The third stage of MV infection: transmission of new MV particles via the air. Nectin-4⁺ epithelial cells in the upper and lower respiratory tract epithelium produce new virus particles and release them into the mucus lining the lumen of the respiratory tract (green arrows in panels (A) and (C)). Epithelial damage in infected lymphoid tissues, such as the tonsils (A), releases virus particles produced by lymphocytes into the upper respiratory tract (B).
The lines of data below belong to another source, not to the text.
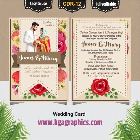 ਇਹ ਫਾਇਲ ਤੁਹਾਨੂੰ ਕੋਰਲ ਡਰਾਅ ਦੇ ਵਰਜ਼ਨ 12 ਵਿੱਚ ਮਿਲੇਗੀ ਪਰ ਤੁਸੀਂ ਇਸ ਫਾਇਲ ਨੂੰ 12 ਤੋਂ ਉਪਰ ਕਿਸੇ ਵੀ ਵਰਜ਼ਨ ਵਿੱਚ ਖੋਲ ਸਕਦੇ ਹੋ। ਇਸ ਫਾਇਲ ਵਿੱਚ ਵਰਤੇ ਗਏ ਸਾਰੇ ਫੋਂਟ ਫਾਇਲ ਦੇ ਨਾਲ ਦਿੱਤੇ ਗਏ ਹਨ । ਇਹ ਫਾਇਲ ਪੂਰੀ ਤਰ੍ਹਾਂ ਅਡਿਟਏਬਲ ਹੈ ਤੁਸੀ ਫੋਂਟ, ਫੋਟੋ, ਟੈਕਸ, ਵਿਕਟਰ ਆਦਿ ਸਭ ਕੁੱਝ ਬਦਲ ਸਕਦੇ ਹੋ। ਜੇਕਰ ਤੁਸੀਂ ਬੈਕਗਰਾਊਂਡ ਦਾ ਰੰਗ ਬਦਲਣਾਂ ਚਹੁੰਦੇ ਹੋ ਉਹ ਵੀ ਬਦਲ ਸਕਦੇ ਹੋ। Digital Best New Wedding Card Design ਫਾਇਲ ਤੁਸੀ ਕਿਸੇ ਲਈ ਵੀ ਵਰਤ ਸਕਦੇ ਹੋ, ਤੁਸੀਂ ਅਪਣੇ ਮੁਤਾਬਕ ਇਸਨੂੰ ਪੰਜਾਬੀ, ਹਿੰਦੀ, ਅੰਗਰੇਜ਼ੀ, ਮਰਾਠੀ, ਉਰਦੂ ਆਦਿ ਕਿਸੇ ਵੀ ਭਾਸ਼ਾ ਵਿੱਚ ਅਡਿਟ ਕਰ ਸਕਦੇ ਹੋ। ਫਇਲ ਨੂੰ ਡਾਊਨਲੋਡ ਕਰਨ ਲਈ ਦਿੱਤੇ ਸਟੈਪਾ ਨੂੰ ਫੋਲੋ ਕਰੋ।
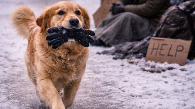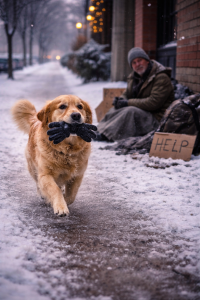 A Dog Found a Pair of Gloves in the Snow… What It Did Next Melted a Homeless Man’s Heart
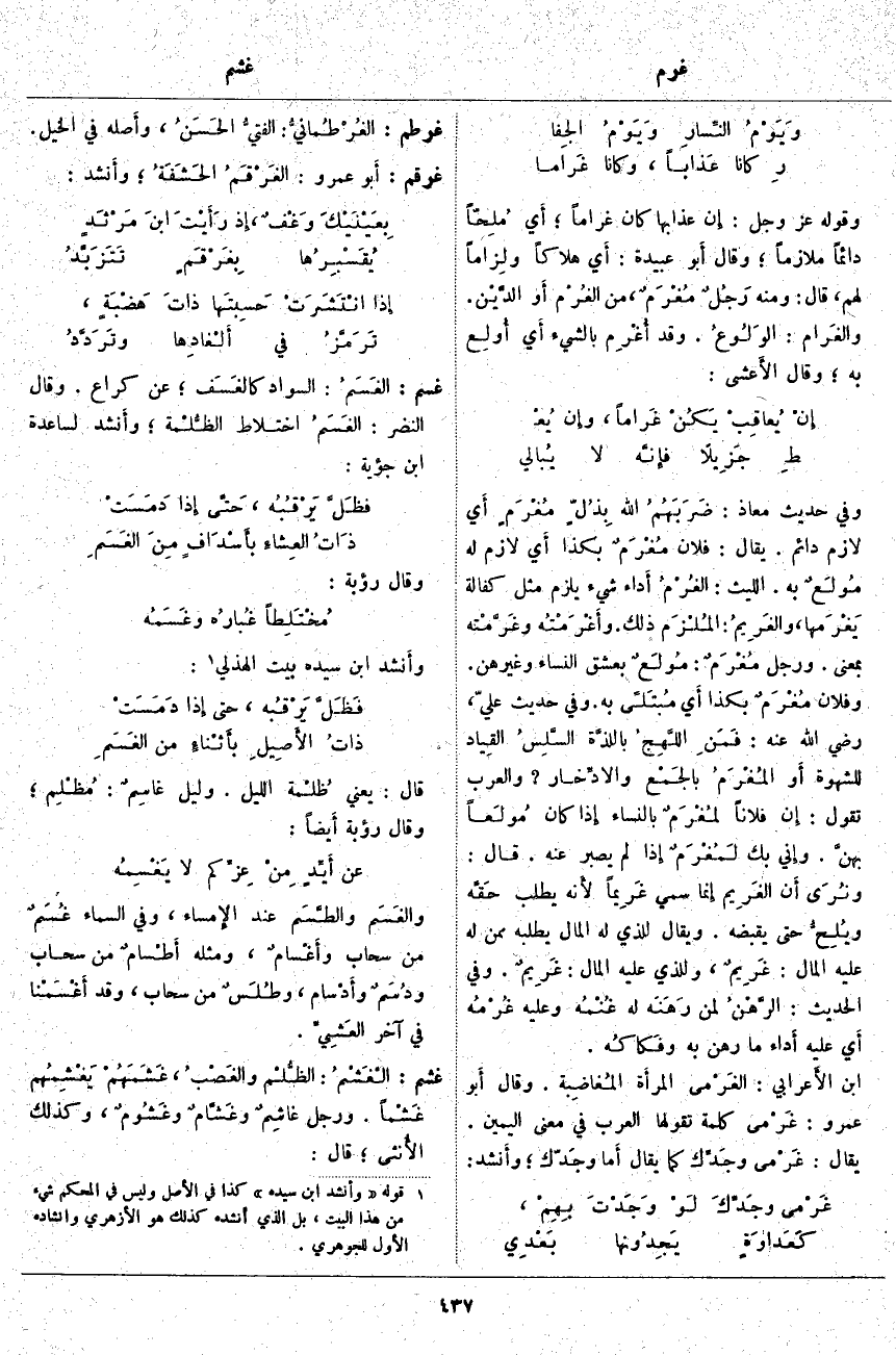 وَالْعَرَبُ تَقُولُ: إِنَّ فُلَانًا لمُغْرَمٌ بِالنِّسَاءِ إِذَا كَانَ مُولَعاً بهنَّ. وَإِنِّي بِكَ لَمُغْرَمٌ إِذَا لَمْ يَصْبِرْ عَنْهُ. قَالَ: ونُرَى أَنَّ الغَرِيم إِنَّمَا سُمِّيَ غَرِيماً لأَنه يَطْلُبُ حَقَّه ويُلِحُّ حَتَّى يَقْبِضَهُ. وَيُقَالُ لِلَّذِي لَهُ الْمَالُ يَطْلُبُهُ مِمَّنْ لَهُ عَلَيْهِ الْمَالُ: غَرِيمٌ، وَلِلَّذِي عَلَيْهِ الْمَالُ: غَرِيمٌ. وَفِي الْحَدِيثِ:

Epithelial damage in the lower respiratory tract induces cough (panels (C) and (D)), enhancing the discharge of aerosols containing MV particles.

Figure 4

Images collected from experimentally infected NHPs, illustration mechanisms underlying MV entry (A,B), dissemination (C,D), transmission (E,F) and immune suppression (G,H). MV-infected cells were detected by immunohistochemical staining (A,C,D,F) or by immunofluorescent double-staining (B,E,G). (A) infection of a single cell (arrow, likely an alveolar macrophage) in the alveolar lumen 3 DPI; (B) infection of epithelial cells in the trachea 5 DPI (arrow in insert points at green cilia), green = GFP, red = cytokeratin, blue = DAPI; (C) infection of myeloid and lymphoid cells in BALT (arrow) 4 DPI, BL = bronchial lumen; (D) low-magnification image of a lymph node 9 DPI, with many B-cell follicles containing large concentrations of MV-infected lymphocytes; (E) MV-infected epithelial cells in the trachea 9 DPI (green = GFP, red = cytokeratin, blue = DAPI, TL = tracheal lumen); (F) Disruption of the epithelium (arrow) of an adenoid containing many MV-infected lymphocytes 9 DPI; (G) MV-infected B-lymphocytes (including Warthin-Finkeldey syncytia, arrows) in a B-cell follicle 9 DPI (green = GFP, red = CD20, blue = DAPI); (H) follicular exhaustion of B-cell follicles 11 DPI (brown = CD20).